Trwa ładowanie...
Zaloguj
Notowania
Przejdź na
Maciej Sierpień
|
aktualizacja
Płatna współpraca z ImpactCEE

Impact'24. Michelle Obama po raz pierwszy w Polsce

Podziel się:

Zbliża się kolejna edycja największego kongresu gospodarczo-technologicznego w tej części Europy. Każda imponuje rozmachem, znakomitą organizacją i inspirującymi prelegentami. Nie inaczej będzie i w tym roku – w Poznaniu wystąpi 650 wybitnych mówców.

Impact'24. Michelle Obama po raz pierwszy w Polsce
Michelle Obama, jedna z najbardziej wpływowych kobiet na świecie i gość Impact'24 (EAST_NEWS, Jose Luis Magana)

Najbardziej rozpoznawalne nazwiska na świecie, 8 multimedialnych scen, 23 ścieżki tematyczne, 650 speakerów, 6000 uczestników.
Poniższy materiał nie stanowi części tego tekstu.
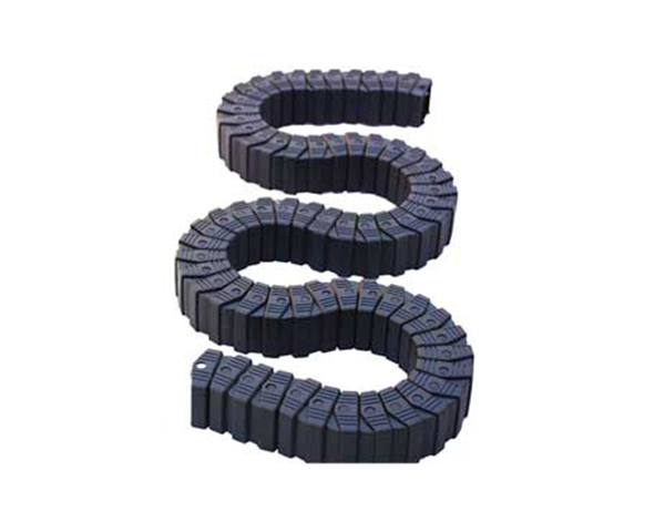 (3)单元链节由左右链板和上下盖板组成,拖链每节都能打开,装拆方便,不必穿线,打开盖板后即可把电缆、油管、气管、水管等放入拖链。

Impact’24 zbliża się wielkimi krokami. Przed nami dwa dni inspirujących wykładów oraz wiele wydarzeń towarzyszących, m.in. warsztatów dla liderów biznesu. 15 i 16 maja Poznań ponownie stanie się najważniejszym punktem na biznesowej, technologicznej, naukowej oraz politycznej mapie Europy Środkowo-Wschodniej.

Aby nie być gołosłownym, przywołajmy kilka nazwisk tych, którzy wystąpili na kongresowych scenach, a byli to m.in. Hillary Rodham Clinton, Natalie Portman, Nassim Nicholas Taleb czy Juwal Noach Harari. W wydarzeniu chętnie uczestniczą też znani Polacy, m.in. Bogdan de Barbaro czy Natalia Hatalska.

W stolicy Wielkopolski głos zabierają także najważniejsi przedstawiciele rządów, międzynarodowych mediów czy biznesowi decydenci. Co naturalne, wybitnych i inspirujących osobowości oraz najlepszych mówców nie zabraknie także i w tym roku.

Pierwsza Dama Stanów Zjednoczonych

Jej życie pokazuje, że nie musisz wyglądać w określony sposób ani zachowywać się w określony sposób, by się wpisać w obowiązujący model. Nie musisz dużo zarabiać ani pochodzić z określonej klasy społecznej czy grupy religijnej by się liczyć i mieć znaczenie.

Każdy z nas może napisać własną historię, a dzieląc się tymi historiami, możemy nawzajem podnosić się na duchu. O kim mowa? Michelle Obama, która z niezwykłą szczerością dzieli się swoimi doświadczeniami żony, matki, czarnoskórej kobiety i Pierwszej Damy Stanów Zjednoczonych. Pasja Michelle do opowiadania historii przyniosła jej książkom rekordową sprzedaż i uznanie na całym świecie. Jej pamiętnik Becoming. Moja historia – poruszający portret jej życiowej podróży i drogi do Białego Domu – utrzymywał się ponad 130 tygodni na liście bestsellerów New York Timesa, sprzedał się w ponad 15 milionach egzemplarzy na całym świecie i zdobył nagrodę Grammy.

Jej druga książka, Światło w nas. Jak żyć w niepewnych czasach, również zdobyła Grammy i miesiącami okupowała listę bestsellerów New York Timesa. Michelle dzieli się w niej swymi doświadczeniami i życiowymi lekcjami, które pomogły jej sprostać trudnym życiowym okolicznościom. Dzięki firmie produkcyjnej Higher Ground, którą założyła wspólnie z mężem w 2018 roku, jej działalność na rzecz dzielenia się historiami przyniosła jej nagrody i wyróżnienia. Pierwszy film Higher Ground, pt. American Factory, zdobył Oscara dla najlepszego filmu dokumentalnego w 2020 roku, a Crip Camp był nominowany w tej samej kategorii rok później.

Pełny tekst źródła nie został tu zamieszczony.